How to use openCV's connected components with stats in python?

I am looking for an example of how to use OpenCV's ConnectedComponentsWithStats() function in python, note this is only available with OpenCV 3 or newer. The official documentation only shows the API for C++, even though the function exists when compiled for python. I could not find it anywhere online.


Solution 1:

The function works as follows:

# Import the cv2 library
import cv2
# Read the image you want connected components of
src = cv2.imread('/directorypath/image.bmp')
# Threshold it so it becomes binary
ret, thresh = cv2.threshold(src,0,255,cv2.THRESH_BINARY+cv2.THRESH_OTSU)
# You need to choose 4 or 8 for connectivity type
connectivity = 4  
# Perform the operation
output = cv2.connectedComponentsWithStats(thresh, connectivity, cv2.CV_32S)
# Get the results
# The first cell is the number of labels
num_labels = output[0]
# The second cell is the label matrix
labels = output[1]
# The third cell is the stat matrix
stats = output[2]
# The fourth cell is the centroid matrix
centroids = output[3]

Labels is a matrix the size of the input image where each element has a value equal to its label.

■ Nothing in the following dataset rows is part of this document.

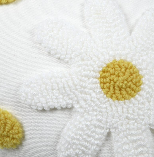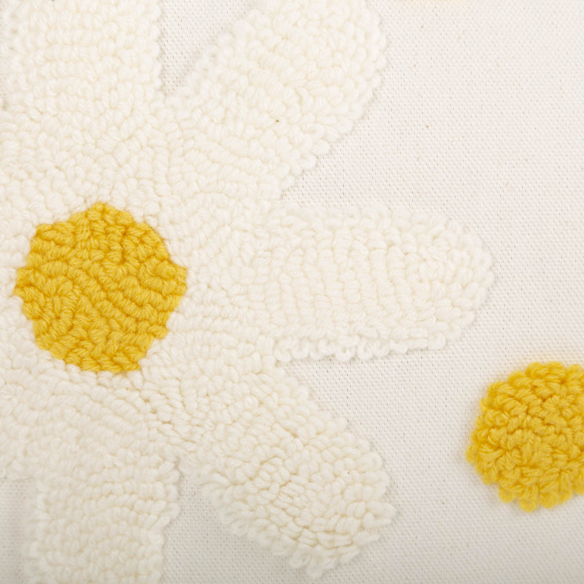 Getuftete Blüten: strukturierter Tufting-Look in wollweiß mit gelben Blütenmitten für einen natürlichen, wohnlichen Stil
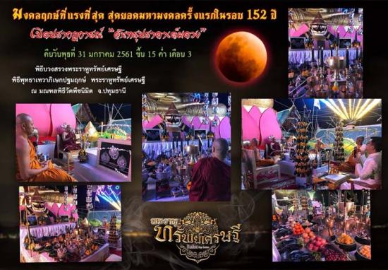 มหาฤกษ์ใหญ่ พิธีเข้มขลัง ด้วยพลังแห่งมหาบารมี คืนวันพุธที่ 31 มกราคม 2561 ขึ้น 15 ค่ำ เดือน 3 จันทรุปราคาเต็มดวง มงคลฤกษ์ที่แรงที่สุดในรอบ100 ปี
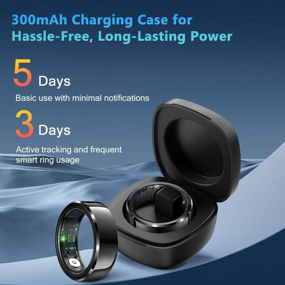 Smart Ring Health Tracker for Men Women with Charging Case, Waterproof Fitness Ring, Bluetooth Connected Health Ring, Activity Tracker Records Steps Distance Calories, Compatible with Android & iOS
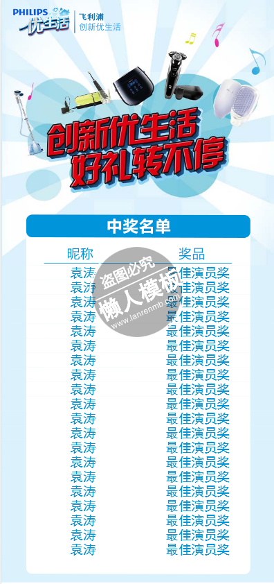 模板简介:该模板名称为【创新生活赢好礼活动页面html5手机专题单页网站模板源码下载】,大小是,文档格式为.,推荐使用打开,作品中的图片,文字等数据均可修改,图片请在作品中选中图片替换即可,文字修改直接点击文字修改即可,您也可以新增或修改作品中的内容,该模板来自用户分享,如有侵权行为请联系网站客服处理。欢迎来懒人模板【娱乐】栏目查找您需要的精美模板。
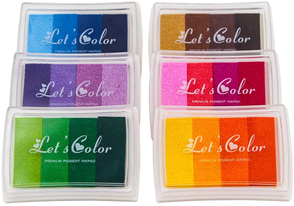 ✎ 【Multiple And Beautiful Color】- 6 pcs gradient color rainbow finger stamps ink pads. 24 shades of gorgeous colors in pinks, purples, greens, brown, yellows. You can use multiple colors together or separately.
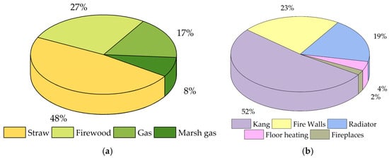 The proportion of daily cooking energy was 48% for straw, 27% for fuel wood, 17% for gas, and 8% for biogas (Figure 3a). The proportion of straw and fuel wood choices was 75%. The burning of large quantities of straw and fuel wood inevitably increases air pollution in dwellings and jeopardizes health. The choice of heating method was varied. The kang is a form of residential heating in rural China with a long history, and in our research study (Figure 3b), 52% of households used this traditional method. The proportion of fire walls associated with the kang was 23%. In addition, the proportion of fireplaces was 2%, the proportion of radiators was 19%, and the proportion of floor heating was 4%. The form of heating in winter in rural areas in Northern China is mainly based on the kang because it can also be used as a stove to fulfill the requirements of cooking and boiling water.
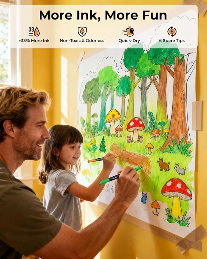 - More Ink, More Fun: Enjoy high-capacity 33% extra ink with non-toxic odorless formula, featuring instant-dry technology and 6 replaceable nibs for lasting use

Stats is a matrix of the stats that the function calculates. It has a length equal to the number of labels and a width equal to the number of stats. It can be used with the OpenCV documentation for it:

Statistics output for each label, including the background label, see below for available statistics. Statistics are accessed via stats[label, COLUMN] where available columns are defined below.

  • cv2.CC_STAT_LEFT The leftmost (x) coordinate which is the inclusive start of the bounding box in the horizontal direction.
  • cv2.CC_STAT_TOP The topmost (y) coordinate which is the inclusive start of the bounding box in the vertical direction.
  • cv2.CC_STAT_WIDTH The horizontal size of the bounding box
  • cv2.CC_STAT_HEIGHT The vertical size of the bounding box
  • cv2.CC_STAT_AREA The total area (in pixels) of the connected component

Centroids is a matrix with the x and y locations of each centroid. The row in this matrix corresponds to the label number.

Solution 2:

I have come here a few times to remember how it works and each time I have to reduce the above code to :

_, thresh = cv2.threshold(src,0,255,cv2.THRESH_BINARY+cv2.THRESH_OTSU)
connectivity = 4  # You need to choose 4 or 8 for connectivity type
num_labels, labels, stats, centroids = cv2.connectedComponentsWithStats(thresh , connectivity , cv2.CV_32S)

Hopefully, it's useful for everyone :)